Environmental Policy
European Union
Governance
Institutions
International Relations
Political Economy
Public Policy
Jörg Balsiger
University of Geneva
Jörg Balsiger
University of Geneva

Abstract

In December 2013, the Council of Europe called for the preparation of a European Strategy for the Alpine Region (EUSALP). This latest macroregional strategy emerges in a context of high institutional density, where regional governance encompasses three separate but linked strands: a set of working communities created by subnational Alpine regions, the Alpine Convention, and the EU transnational Alpine Space Programme. Subnational regions have been the strongest promoters of a macroregional strategy. Each strand has generated its own vision for an Alpine strategy; however, an initially open process has increasingly centred on national and regional decision makers. While representatives of the Alpine Convention and Alpine Space Programme remained involved as observers, non-governmental organizations were excluded. Contentious issues such as the geographical perimeter of the macro region, the thematic alignment of EUSALP and the Alpine Convention, or the Strategy’s governance architecture are thus being decided behind closed doors, even though the public consultation calls for increased participation.

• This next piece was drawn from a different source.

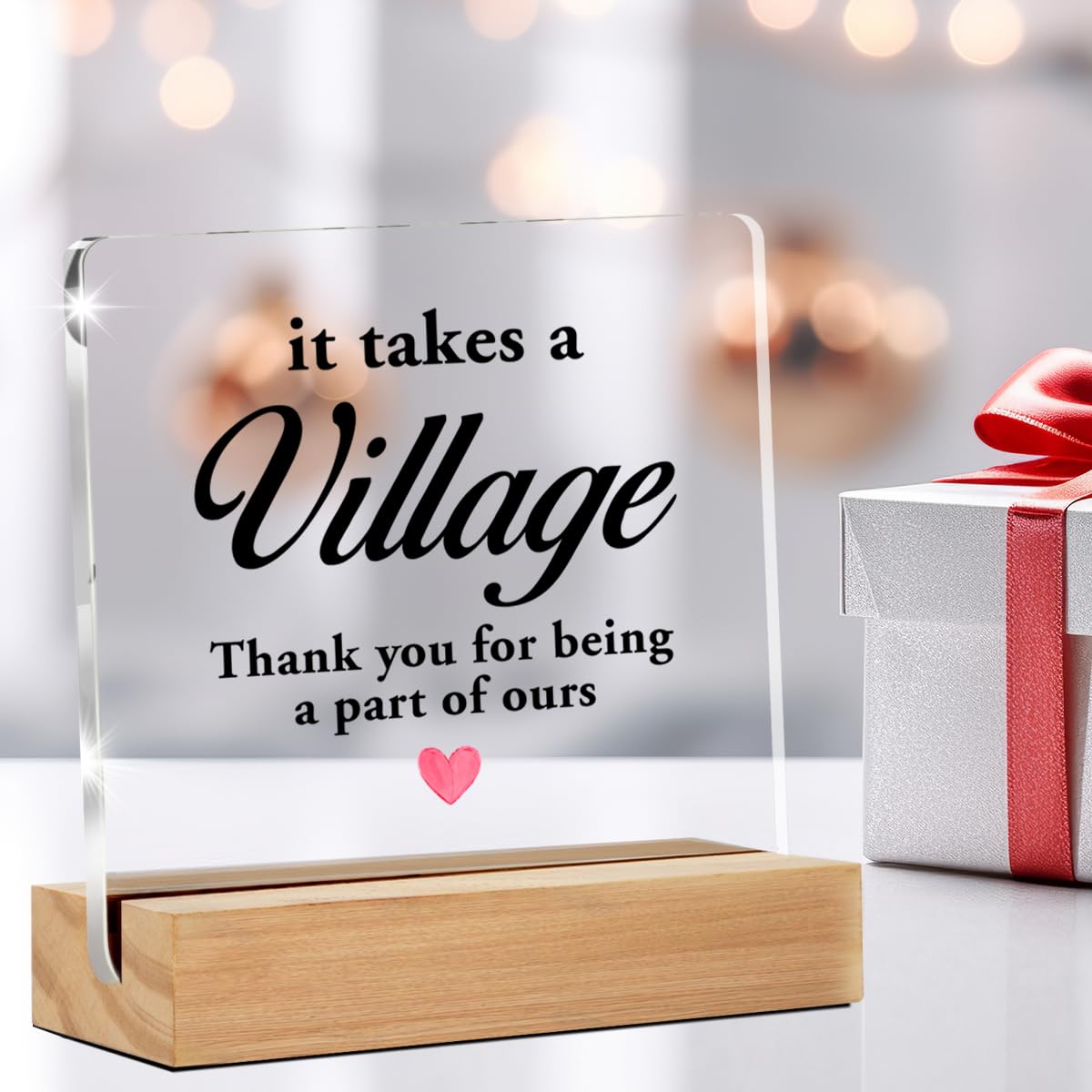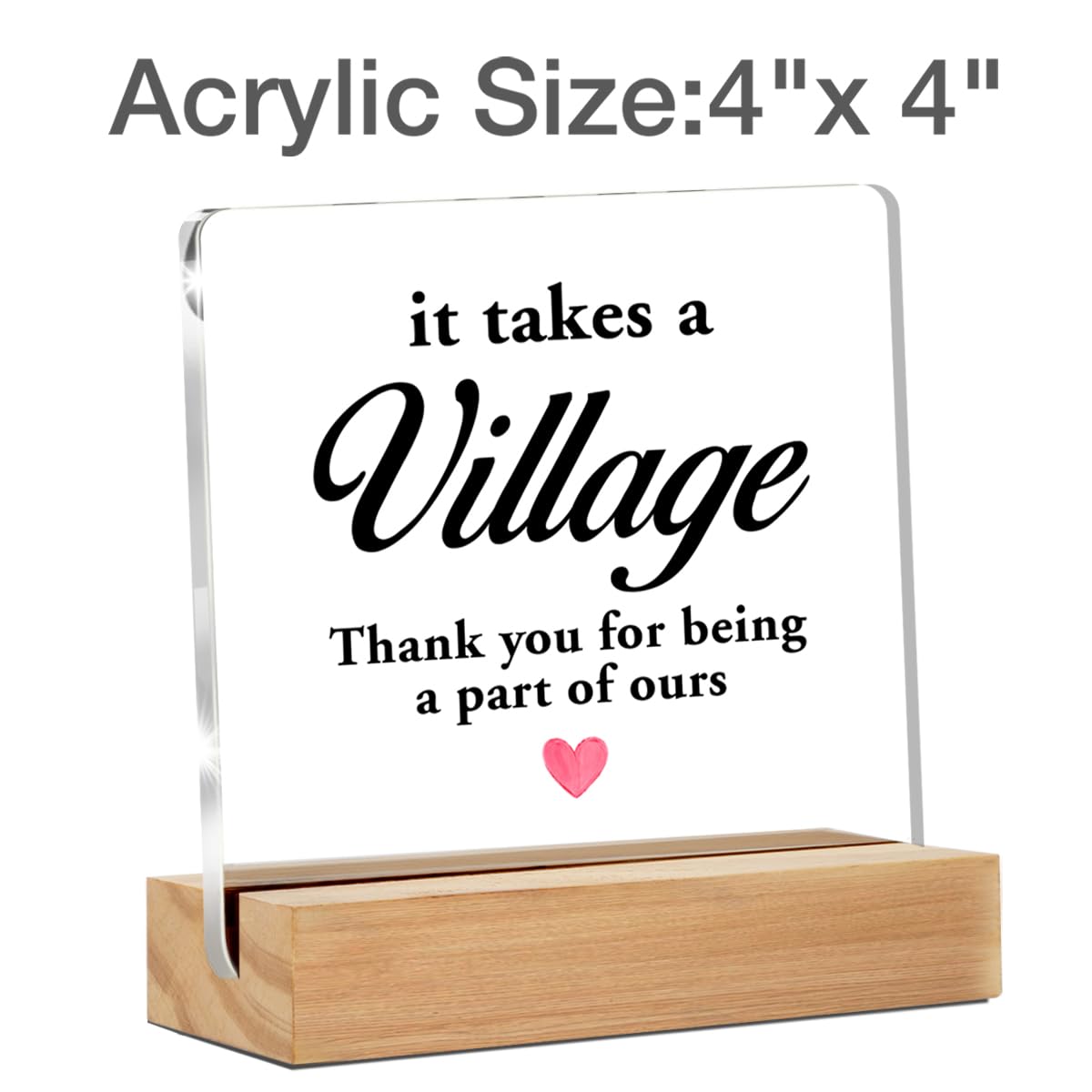 Perfect Size - 4 x 4 inches acrylic sign, 4 x 1.5 x 0.8 inches wood stand. Perfect size to decorate any tabletop.

Macroregionalisation is a novel manifestation of EU-promoted multi-level governance, yet this paper suggests that nascent forms of regional governance are not above the national state, but instantiated within it, thereby taking a critical political economy perspective. Hence, the drivers of macroregionalisation in the Alps are not to be sought in Brussels, but in the political ramifications of changing relations between Milan and Rome, Munich and Berlin, or Lyon and Paris. Debates over the definition of the Alpine perimeter, legitimacy to define the governance architecture, and the international status of subnational regions thus appear primarily as core features of modern state transformation.